Input data
= Beginning of Section =

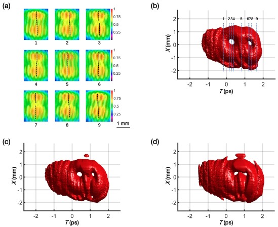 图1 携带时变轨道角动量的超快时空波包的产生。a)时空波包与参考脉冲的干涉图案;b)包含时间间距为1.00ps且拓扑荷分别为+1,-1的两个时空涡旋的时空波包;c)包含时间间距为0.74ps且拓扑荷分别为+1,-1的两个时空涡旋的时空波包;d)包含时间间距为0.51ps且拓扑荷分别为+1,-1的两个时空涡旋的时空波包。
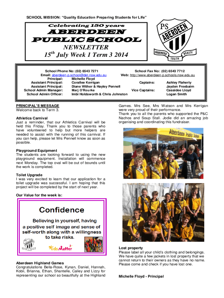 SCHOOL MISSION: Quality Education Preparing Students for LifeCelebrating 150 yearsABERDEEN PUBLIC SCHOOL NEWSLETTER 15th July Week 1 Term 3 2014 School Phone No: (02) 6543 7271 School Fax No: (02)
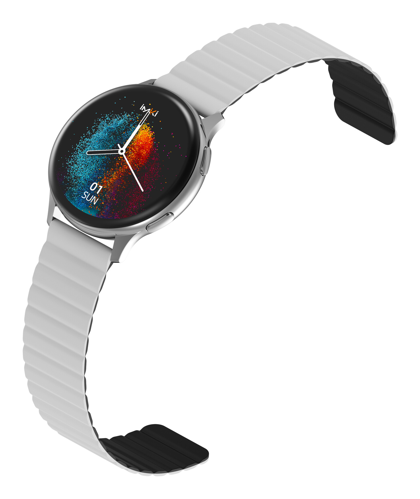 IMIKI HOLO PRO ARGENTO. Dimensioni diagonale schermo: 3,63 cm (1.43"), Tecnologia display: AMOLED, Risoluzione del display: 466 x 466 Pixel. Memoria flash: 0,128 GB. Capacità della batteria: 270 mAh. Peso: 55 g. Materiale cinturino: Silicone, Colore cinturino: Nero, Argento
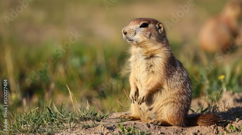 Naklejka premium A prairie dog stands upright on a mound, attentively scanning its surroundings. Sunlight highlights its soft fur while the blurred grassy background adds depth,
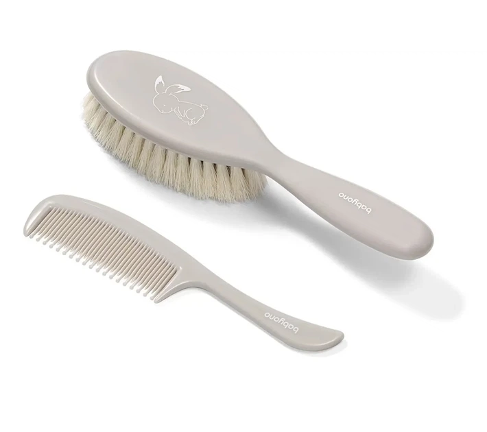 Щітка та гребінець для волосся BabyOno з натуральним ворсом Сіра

= End of Section =
= Beginning of Section =

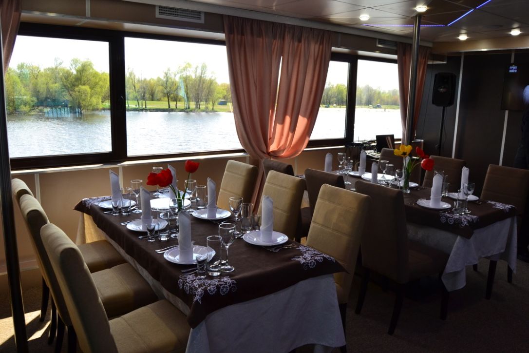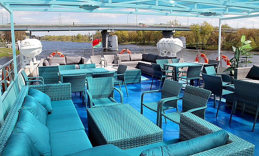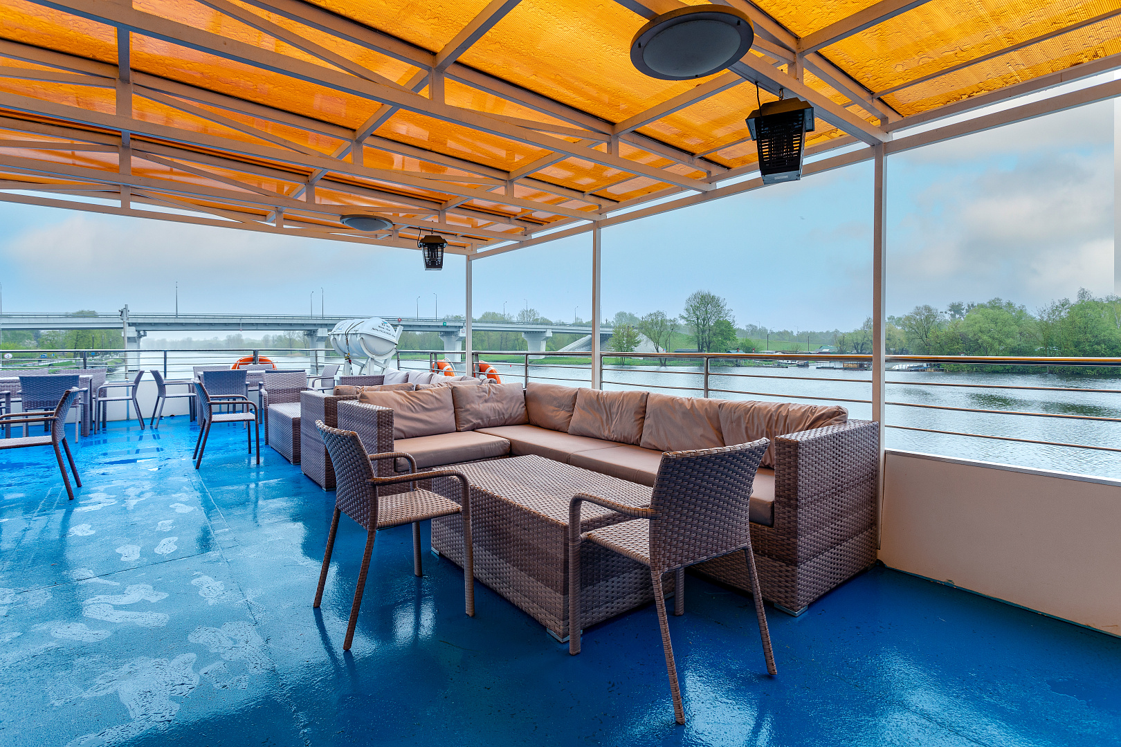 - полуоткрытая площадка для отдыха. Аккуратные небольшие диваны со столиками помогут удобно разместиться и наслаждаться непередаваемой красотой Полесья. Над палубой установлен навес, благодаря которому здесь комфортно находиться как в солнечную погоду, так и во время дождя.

= End of Section =
= Beginning of Section =

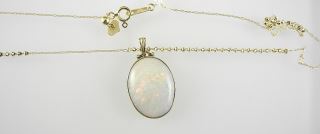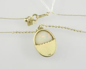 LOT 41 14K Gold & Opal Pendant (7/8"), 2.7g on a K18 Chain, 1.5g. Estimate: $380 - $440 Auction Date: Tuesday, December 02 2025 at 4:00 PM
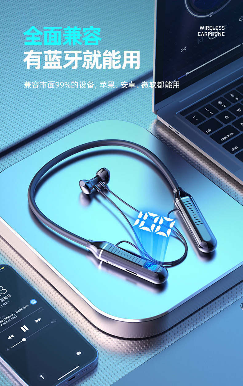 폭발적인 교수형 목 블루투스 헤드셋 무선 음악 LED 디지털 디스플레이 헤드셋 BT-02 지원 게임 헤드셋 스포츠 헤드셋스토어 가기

= End of Section =

Task item
The stretch to restate runs from the line above containing "LOT 41 14K Gold" through the line containing "폭발적인 교수형 목 블루투스". Copy it word for word, ends included, without pictures.

Solution to this problem
 LOT 41 14K Gold & Opal Pendant (7/8"), 2.7g on a K18 Chain, 1.5g. Estimate: $380 - $440 Auction Date: Tuesday, December 02 2025 at 4:00 PM
 폭발적인 교수형 목 블루투스 헤드셋 무선 음악 LED 디지털 디스플레이 헤드셋 BT-02 지원 게임 헤드셋 스포츠 헤드셋스토어 가기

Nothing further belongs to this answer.